START RECORDS TO USE

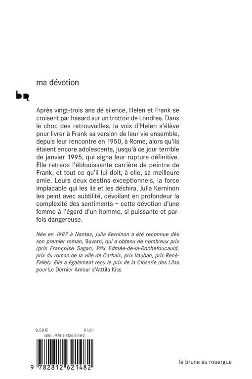 Après vingt-trois ans de silence, Helen et Frank se croisent par hasard sur un trottoir de Londres. Dans le choc des retrouvailles, la voix d'Helen s'élève pour livrer à Frank sa version de leur vie ensemble, depuis leur rencontre en 1950, à Rome, alors qu'ils étaient encore adolescents, jusqu'à ce jour terrible de janvier 1995, qui signa leur rupture définitive. Elle retrace l'éblouissante carrière de peintre de Frank, et tout ce qu'il lui doit, à elle, sa meilleure amie. Leurs deux destins exceptionnels, la force implacable qui les lia et les déchira, Julia Kerninon les peint avec subtilité, dévoilant en profondeur la complexité des sentiments - cette dévotion d'une femme à l'égard d'un homme, si puissante et parfois dangereuse.
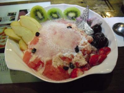 夜の九ふん観光ツアーで行きました。食事が着いていたので、食後のデザートのつもりで行きました。階段を上り、一番高い所まで来たという感じで歩きました。友人が温かい芋圓、私が冷たい芋圓+練乳を食べましたが、冷たい方に軍配が上がりました。階段を上ってくるので体が温かくなるので冷たくてもOKです。温かい方は味が薄くてぼやけているように感じました。注意は芋圓はずっしり重たいので食後には少しきついです。おなかいっぱいになりました。
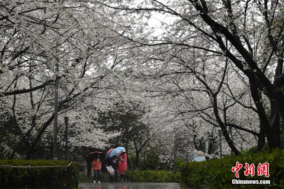 当前正值武汉大学樱花盛开期。3月8日,武汉迎来小到中雨,不少游客冒雨赏樱,体验另一种浪漫。今年,因大规模文物建筑维修和教学楼建设施工,武汉大学樱花大道至樱顶区域完全封闭。樱花开放期间,游客可免费进入参观其他区域樱花,但需提前3天进行网络实名预约。 马芙蓉 摄
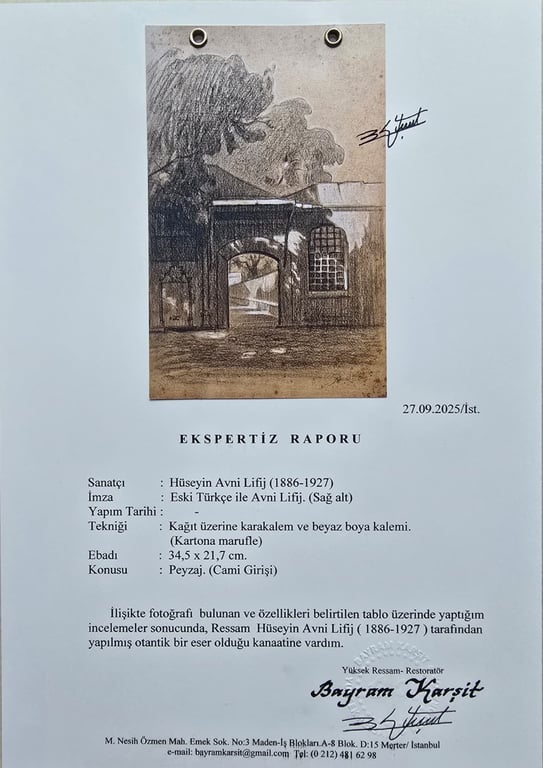 Cami Girişi Peyzaj - Kağıt üzerine karakalem, beyaz boya kalemi (kartona marufle), imzalı - 34,5x21,7 cm
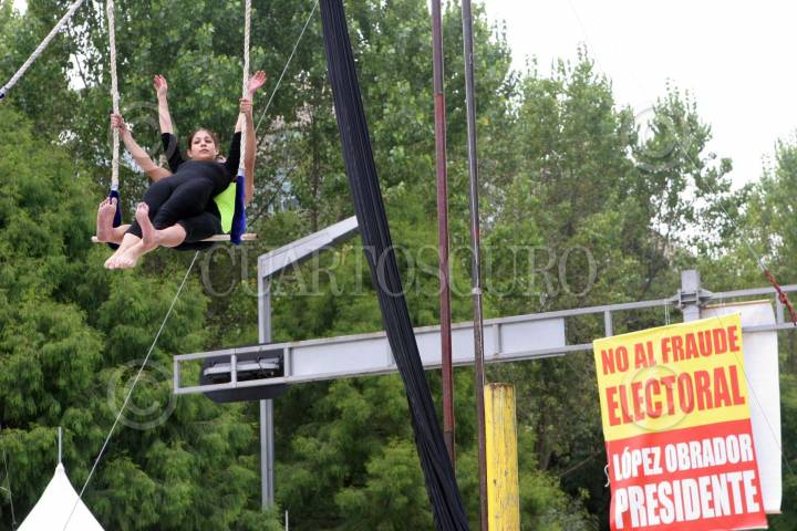 MEXICO, D.F., 02AGOSTO2006.- Simpatizantes de Andrés Manuel López Obrador, que permanencen en plantón desde el domingo sobre Reforma, practican aerobics en sus campamentos. FOTO: Saúl López/CUARTOSCURO.COM
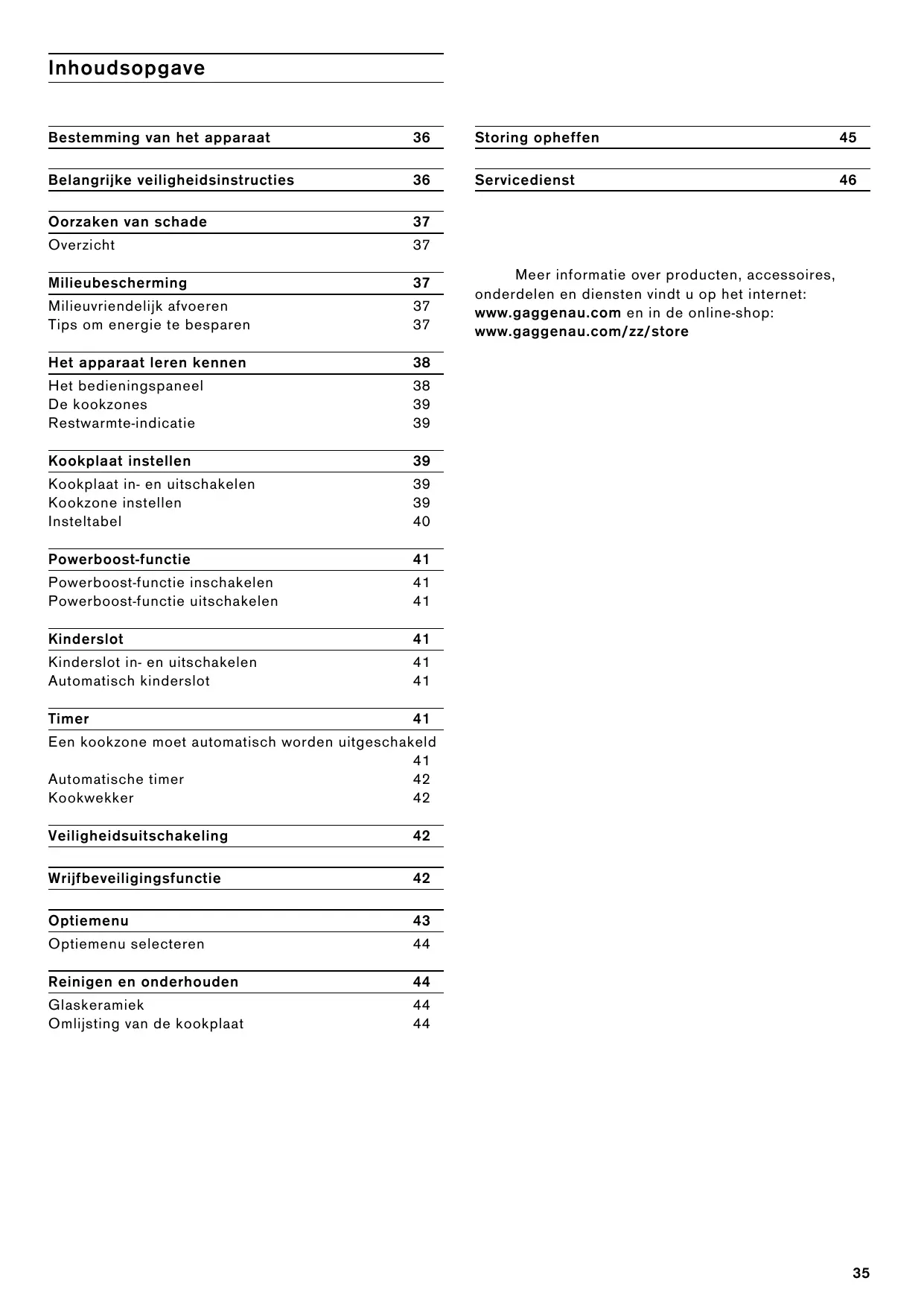 : Meer informatie over producten, accessoires, onderdelen en diensten vindt u op het internet: www.gaggenau.com en in de online-shop: www.gaggenau.com/zz/store Timer Een kookzone moet automatisch worden uitgeschakeld Automatische timer Kookwekker Veiligheidsuitschakeling

END RECORDS TO USE

# PROBLEM:
Print each record exactly as it stands, skipping the pictures.

# SOLUTION BELOW:
 Après vingt-trois ans de silence, Helen et Frank se croisent par hasard sur un trottoir de Londres. Dans le choc des retrouvailles, la voix d'Helen s'élève pour livrer à Frank sa version de leur vie ensemble, depuis leur rencontre en 1950, à Rome, alors qu'ils étaient encore adolescents, jusqu'à ce jour terrible de janvier 1995, qui signa leur rupture définitive. Elle retrace l'éblouissante carrière de peintre de Frank, et tout ce qu'il lui doit, à elle, sa meilleure amie. Leurs deux destins exceptionnels, la force implacable qui les lia et les déchira, Julia Kerninon les peint avec subtilité, dévoilant en profondeur la complexité des sentiments - cette dévotion d'une femme à l'égard d'un homme, si puissante et parfois dangereuse.
 夜の九ふん観光ツアーで行きました。食事が着いていたので、食後のデザートのつもりで行きました。階段を上り、一番高い所まで来たという感じで歩きました。友人が温かい芋圓、私が冷たい芋圓+練乳を食べましたが、冷たい方に軍配が上がりました。階段を上ってくるので体が温かくなるので冷たくてもOKです。温かい方は味が薄くてぼやけているように感じました。注意は芋圓はずっしり重たいので食後には少しきついです。おなかいっぱいになりました。
 当前正值武汉大学樱花盛开期。3月8日,武汉迎来小到中雨,不少游客冒雨赏樱,体验另一种浪漫。今年,因大规模文物建筑维修和教学楼建设施工,武汉大学樱花大道至樱顶区域完全封闭。樱花开放期间,游客可免费进入参观其他区域樱花,但需提前3天进行网络实名预约。 马芙蓉 摄
 Cami Girişi Peyzaj - Kağıt üzerine karakalem, beyaz boya kalemi (kartona marufle), imzalı - 34,5x21,7 cm
 MEXICO, D.F., 02AGOSTO2006.- Simpatizantes de Andrés Manuel López Obrador, que permanencen en plantón desde el domingo sobre Reforma, practican aerobics en sus campamentos. FOTO: Saúl López/CUARTOSCURO.COM
 : Meer informatie over producten, accessoires, onderdelen en diensten vindt u op het internet: www.gaggenau.com en in de online-shop: www.gaggenau.com/zz/store Timer Een kookzone moet automatisch worden uitgeschakeld Automatische timer Kookwekker Veiligheidsuitschakeling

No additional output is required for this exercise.